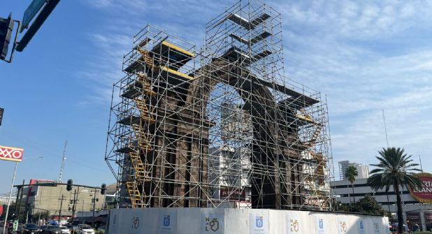 Fue con el apoyo de Protección Civil, Fuerza Civil, y la supervisión de la Secretaría de Cultura que la estatua que corona el arco fue retirada.
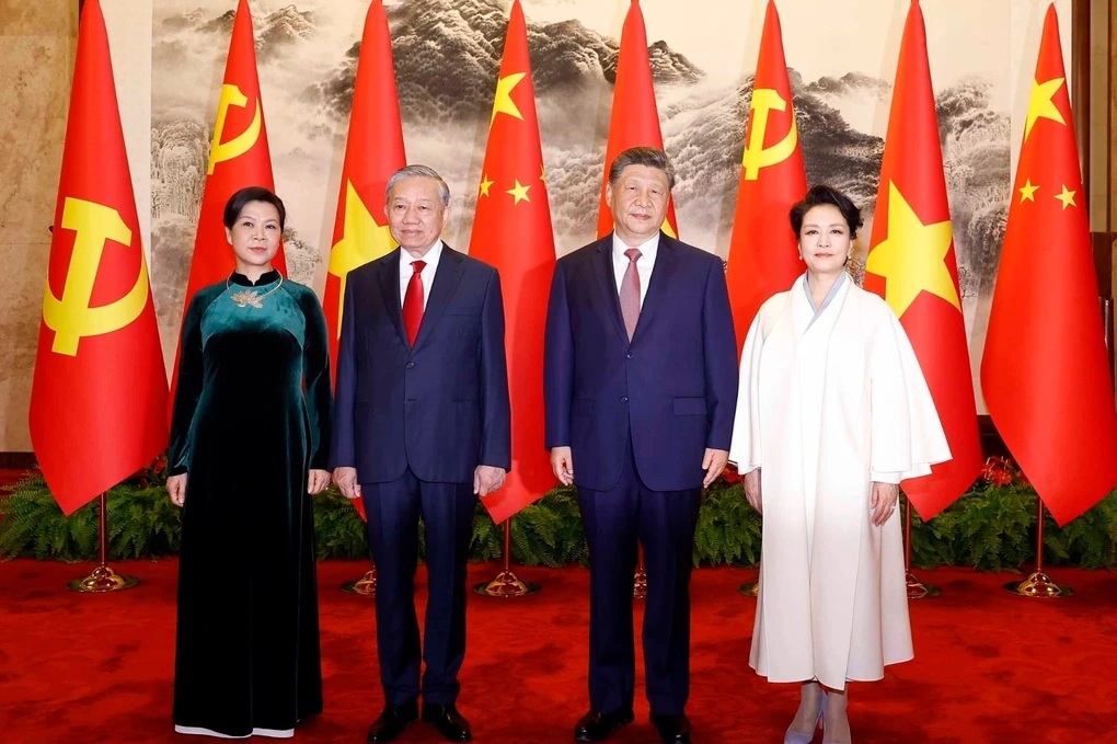 Tổng Bí thư, Chủ tịch nước Tô Lâm và Phu nhân cùng Tổng Bí thư, Chủ tịch nước Trung Quốc Tập Cận Bình và Phu nhân chụp ảnh chung (Ảnh: Thống Nhất – TTXVN).
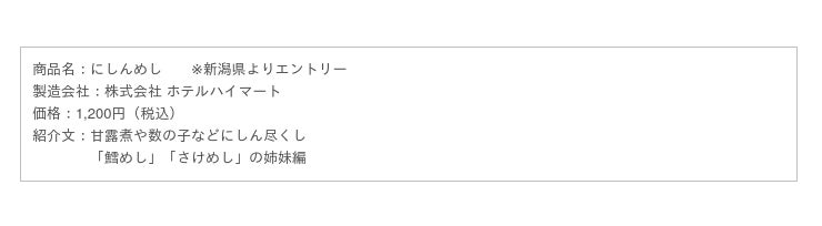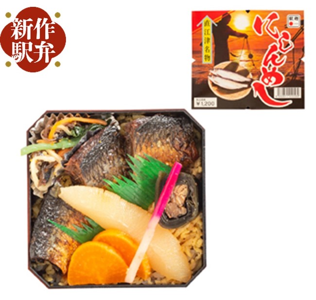 かつて直江津地域で盛んに食べられていたにしんの味を再現すべく、この「にしんめし」の開発に至りました。当時の味を再現することに大変苦労しましたが、懐かしくもあり、お酒が進む、港町直江津らしい新作駅弁が完成しました。
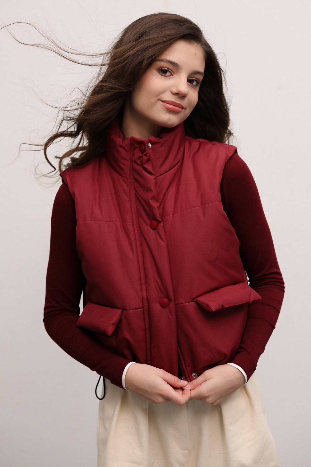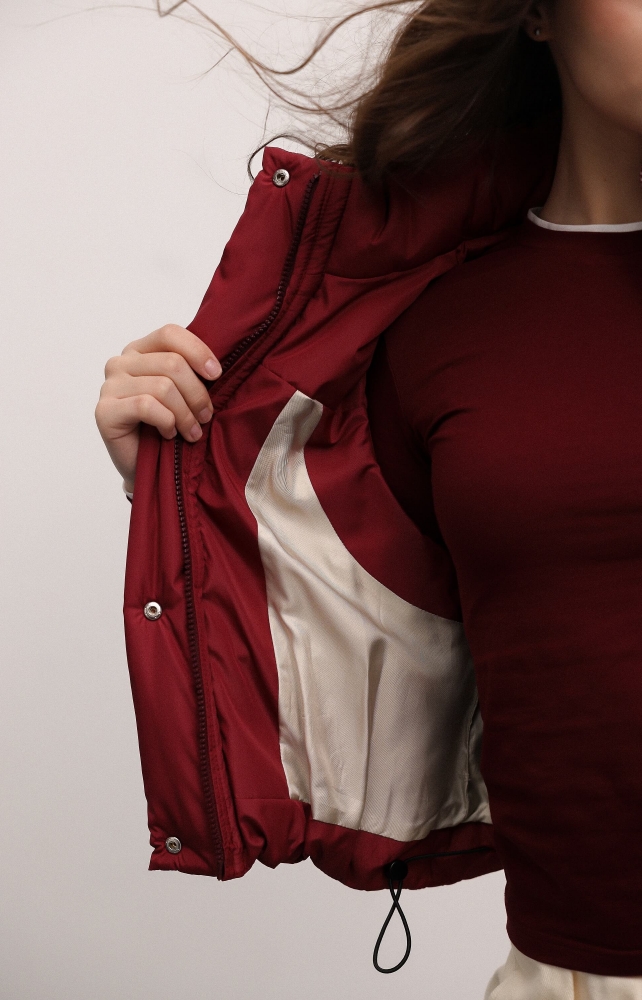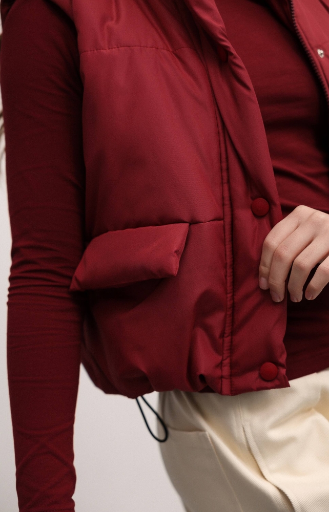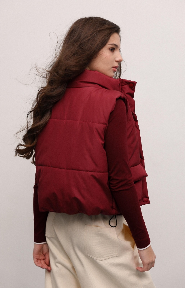 Вкорочений стьобаний жилет виконаний з водовідштовхувальної плащової тканини на утеплювачі з холософту. Модель має актуальний крій, довжина регулюється за допомогою резинки, є місткі кишені з об'ємними клапанами. Жилет застібається на приховану тракторну блискавку та кнопки.
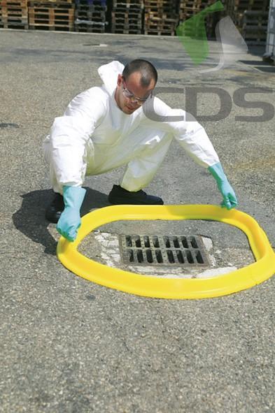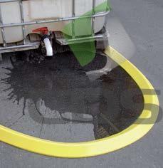 Ogranicznik rozlewów wykonany z elastycznego elastomeru poliuretanowego o wysokiej jakości i dużej wytrzymałości mechanicznej oraz odporności chemicznej na większość związków chemicznych. Produkt ten służy do ograniczania i zabezpieczania szczególnie zagrożonych i chronionych miejsc przed przedostaniem się niebezpiecznych wycieków i rozlewów. Zastosowanie: ochrona studzienek odpływowych i kanalizacyjnych oraz ujęć wody pitnej. Stosowany jest wszędzie tam gdzie magazynowane są substancje niebezpieczne, nawet te najbardziej agresywne chemicznie. Doskonale sprawdza się jako element zabezpieczający w zakładach pracy, służbach technicznych oraz wszelakich pracach remontowych i serwisowych. Niezwykle solidny produkt wielokrotnego użycia, zapewnia ochronę i możliwość użytkowania przez wiele lat. Zapewnia bezpieczeństwo użytkownika i ochronę środowiska naturalnego. Jest niezastąpiony w powstrzymywaniu wycieków i rozlewów. Charakteryzuje się wyjątkową konstrukcją szczelnie przylegającą do podłoża. Ogranicznik nie przepuszcza wody, oleju ani wielu innych płynnych środków chemicznych. Jest produktem wielokrotnego użycia. Aby zachować go w czystości wystarczy po użyciu przemyć ciepłą wodą z mydłem.

ASSIGNED TASK
Of the lines above, quote exactly those from the one with "かつて直江津地域で盛んに食べ" through the one with "Вкорочений стьобаний жилет", ends included; pictures stay out.

SOLUTION
 かつて直江津地域で盛んに食べられていたにしんの味を再現すべく、この「にしんめし」の開発に至りました。当時の味を再現することに大変苦労しましたが、懐かしくもあり、お酒が進む、港町直江津らしい新作駅弁が完成しました。
 Вкорочений стьобаний жилет виконаний з водовідштовхувальної плащової тканини на утеплювачі з холософту. Модель має актуальний крій, довжина регулюється за допомогою резинки, є місткі кишені з об'ємними клапанами. Жилет застібається на приховану тракторну блискавку та кнопки.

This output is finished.